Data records
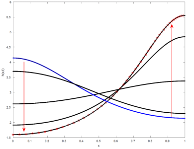 Figure 5: Convergence to non-homogeneous stationary height profiles of free viscous liquid sheets in the absence of surface tension.
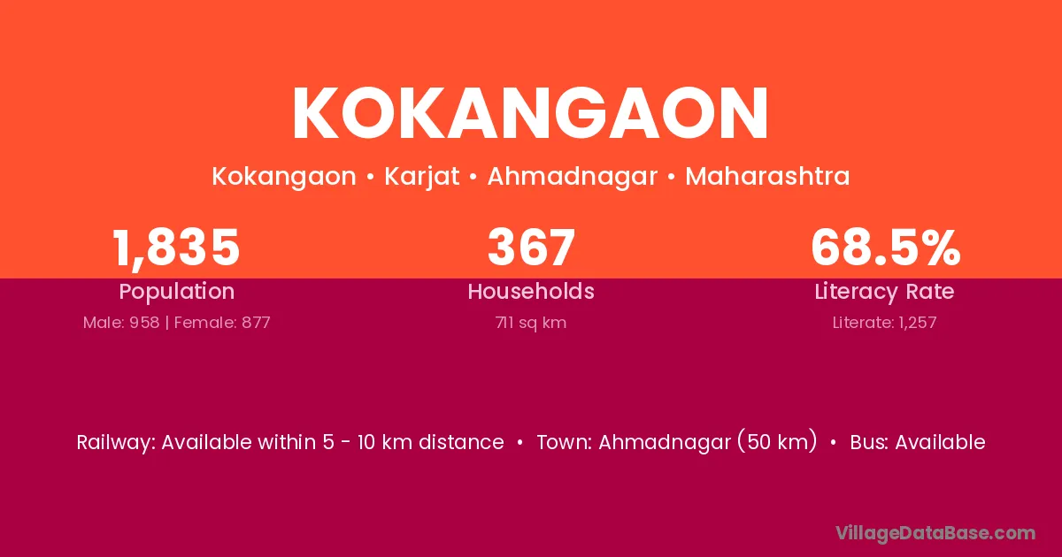 Sangamner (14 km) is the nearest town to Kokangaon village for major economic activities and is located approximately 14 km away.
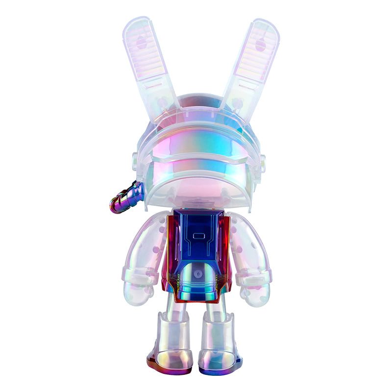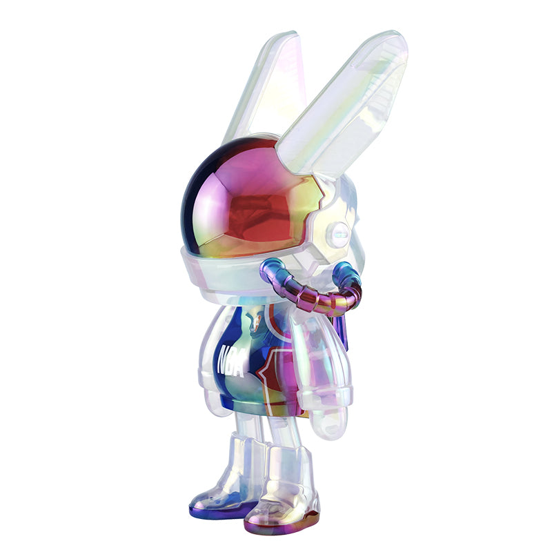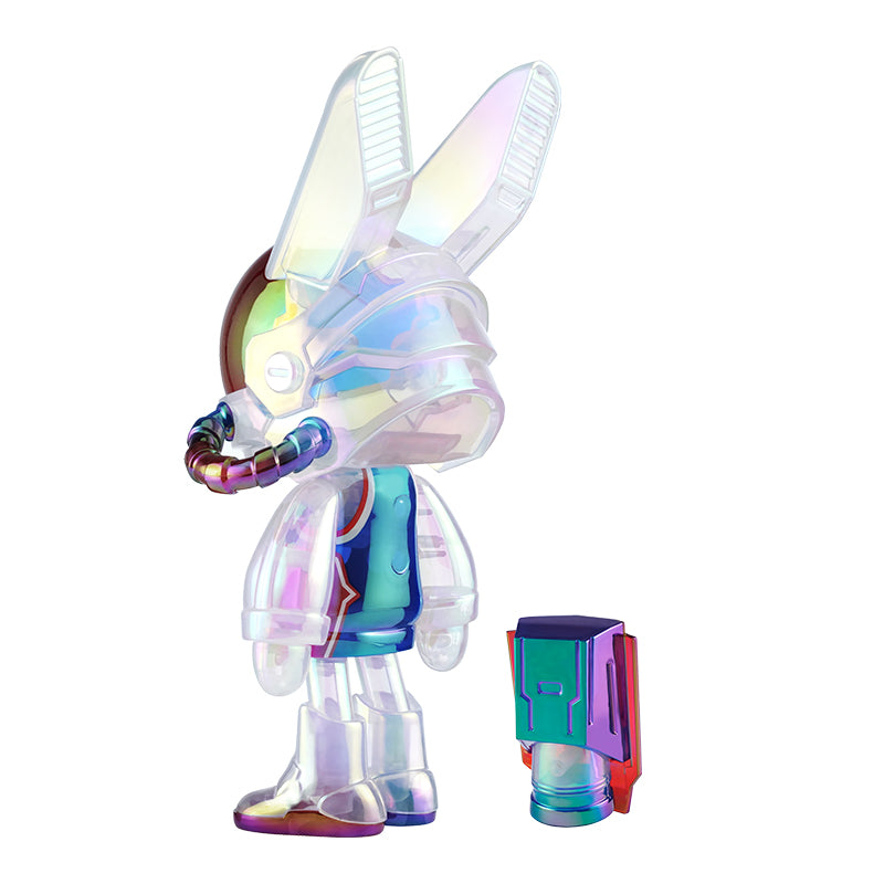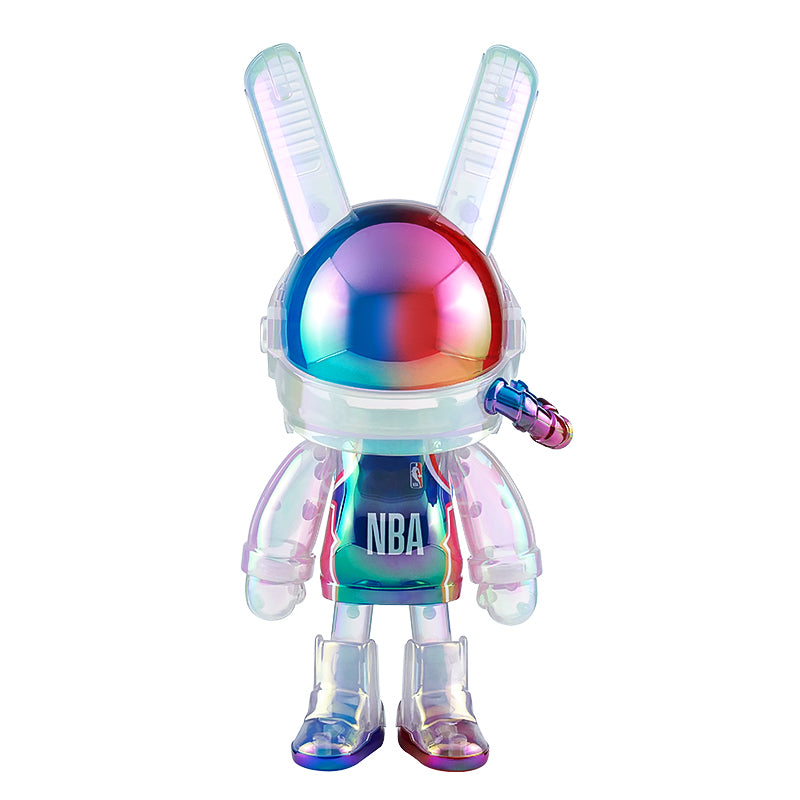 The art toy is in the color of pearlescent white, wearing an NBA jersey and a blue-and-red transparent gradient mask, a classic NBA
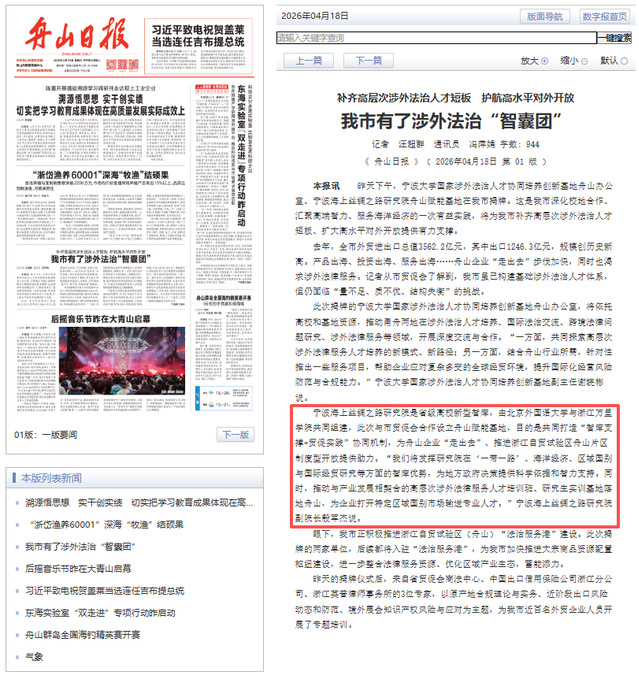 当前,舟山正加快推进海洋经济高质量发展和浙江自贸试验区舟山片区建设,对涉外法治、国际经贸规则、企业合规服务和区域国别研究等高端智力支撑提出了更高要求。2025年,舟山市外贸进出口总值达3562.2亿元,其中出口1246.3亿元,规模创历史新高。伴随产品出海、投资出海、服务出海步伐加快,企业对国际规则解读、贸易风险防范、知识产权保护、原产地合规、出口信用风险管理等专业服务需求日益迫切。
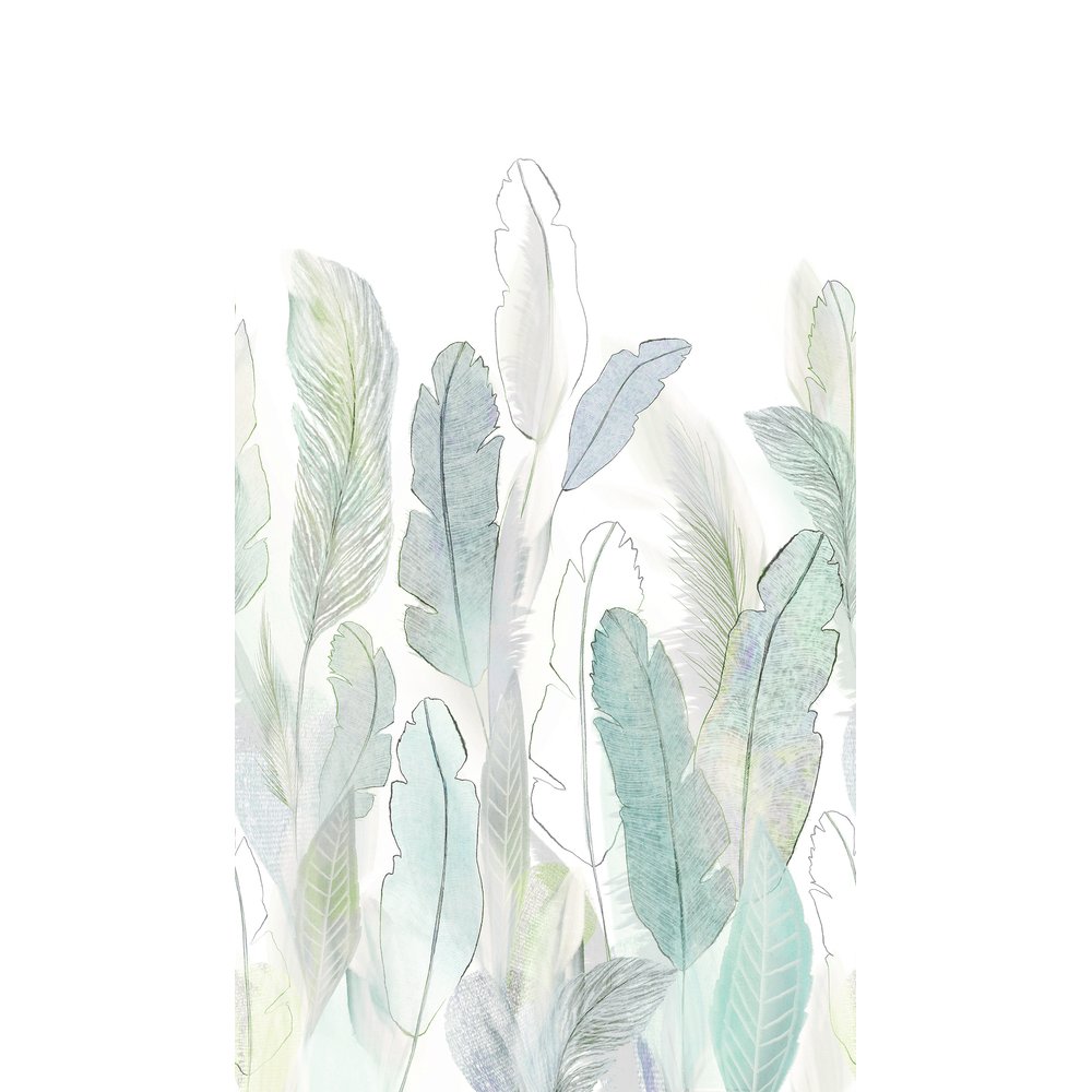Transformez un mur en véritable œuvre décorative avec le papier peint panoramique Plume Scarlet Grandeco coloris vert. Imprimé en haute définition digitale sur support intissé, ce décor grand format de 159 x 280 cm déploie un motif aérien et délicat de plumes aux nuances douces de vert, de bleu pastel et de gris, pour une atmosphère à la fois apaisante et sophistiquée.
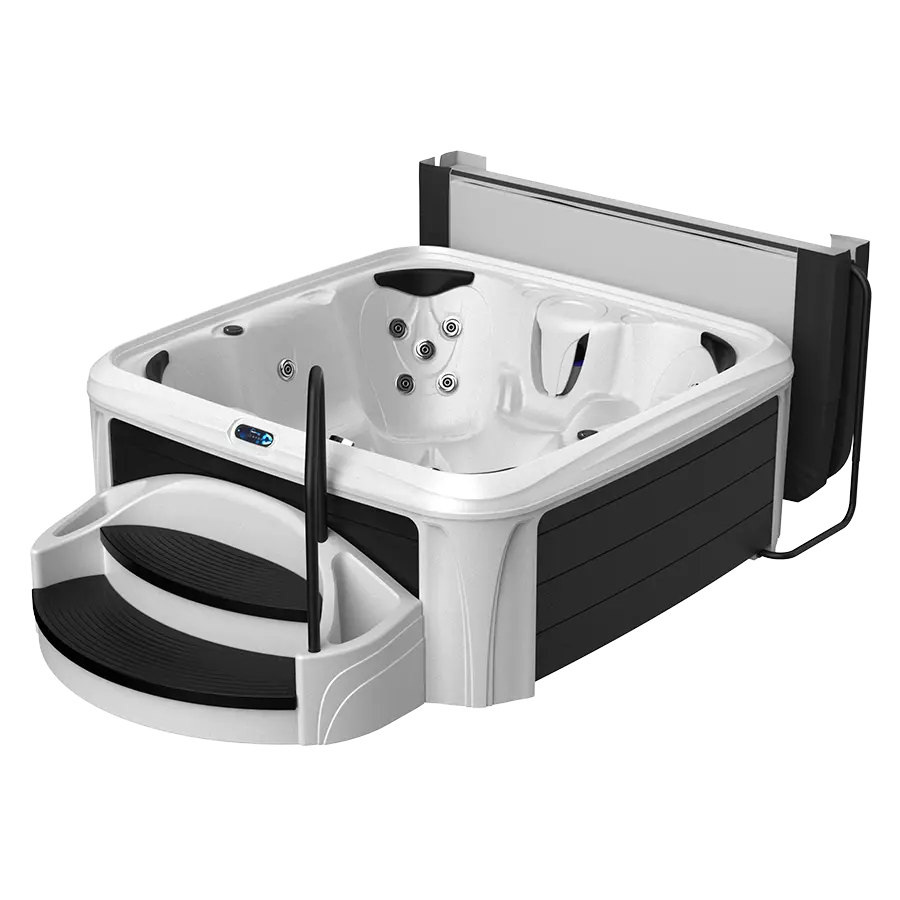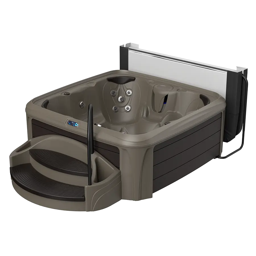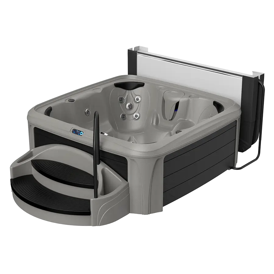 All Suite spas include the extra wide integrated Suite Steps with slip-resistant step treads, sturdy handrail and two side planters, plus a bonus storage area inside the step. The suite also includes a quality Cover Lifter to make lifting, storing and replacing your cover easy and convenient between every use.
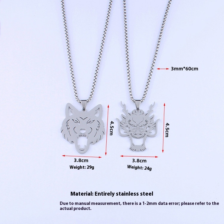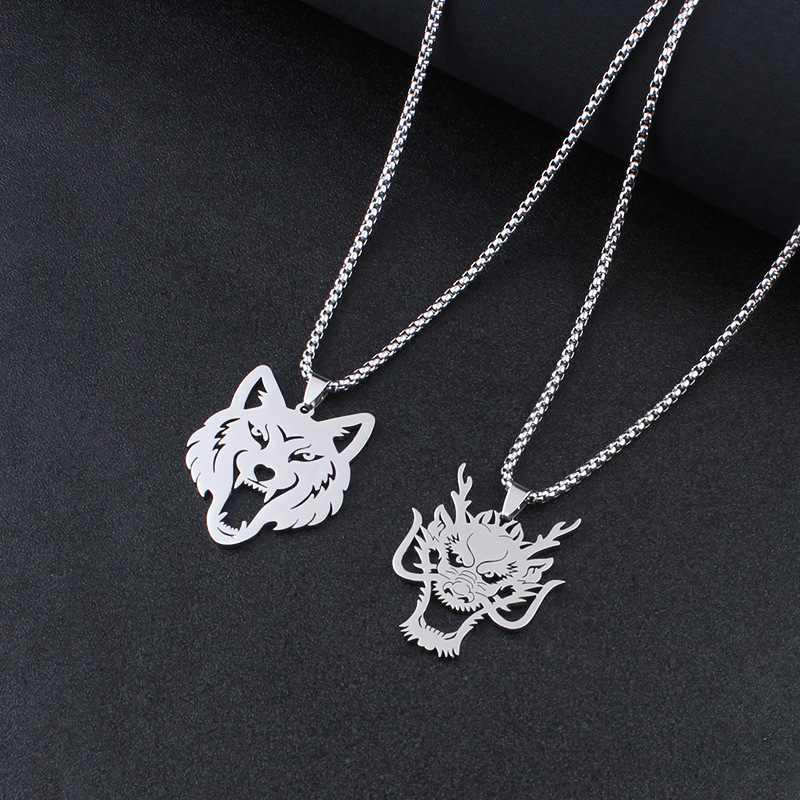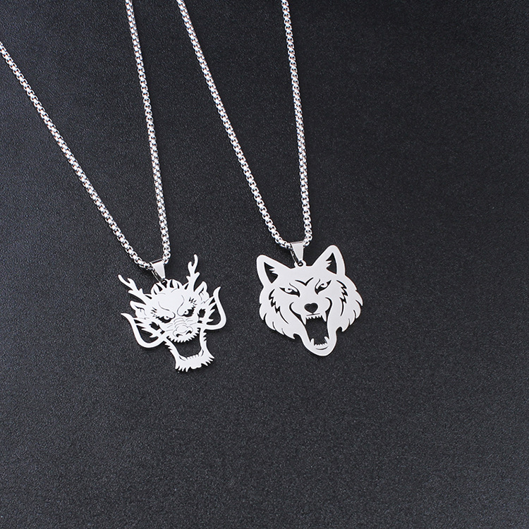 Color: dragon head pendant 60cm chain, wolf head pendant 60cm chain

WHAT IS EXPECTED: Repeat each entry exactly as given; no pictures belong in the copy.

RESPONSE BELOW:
 Figure 5: Convergence to non-homogeneous stationary height profiles of free viscous liquid sheets in the absence of surface tension.
 Sangamner (14 km) is the nearest town to Kokangaon village for major economic activities and is located approximately 14 km away.
 The art toy is in the color of pearlescent white, wearing an NBA jersey and a blue-and-red transparent gradient mask, a classic NBA
 当前,舟山正加快推进海洋经济高质量发展和浙江自贸试验区舟山片区建设,对涉外法治、国际经贸规则、企业合规服务和区域国别研究等高端智力支撑提出了更高要求。2025年,舟山市外贸进出口总值达3562.2亿元,其中出口1246.3亿元,规模创历史新高。伴随产品出海、投资出海、服务出海步伐加快,企业对国际规则解读、贸易风险防范、知识产权保护、原产地合规、出口信用风险管理等专业服务需求日益迫切。
Transformez un mur en véritable œuvre décorative avec le papier peint panoramique Plume Scarlet Grandeco coloris vert. Imprimé en haute définition digitale sur support intissé, ce décor grand format de 159 x 280 cm déploie un motif aérien et délicat de plumes aux nuances douces de vert, de bleu pastel et de gris, pour une atmosphère à la fois apaisante et sophistiquée.
 All Suite spas include the extra wide integrated Suite Steps with slip-resistant step treads, sturdy handrail and two side planters, plus a bonus storage area inside the step. The suite also includes a quality Cover Lifter to make lifting, storing and replacing your cover easy and convenient between every use.
 Color: dragon head pendant 60cm chain, wolf head pendant 60cm chain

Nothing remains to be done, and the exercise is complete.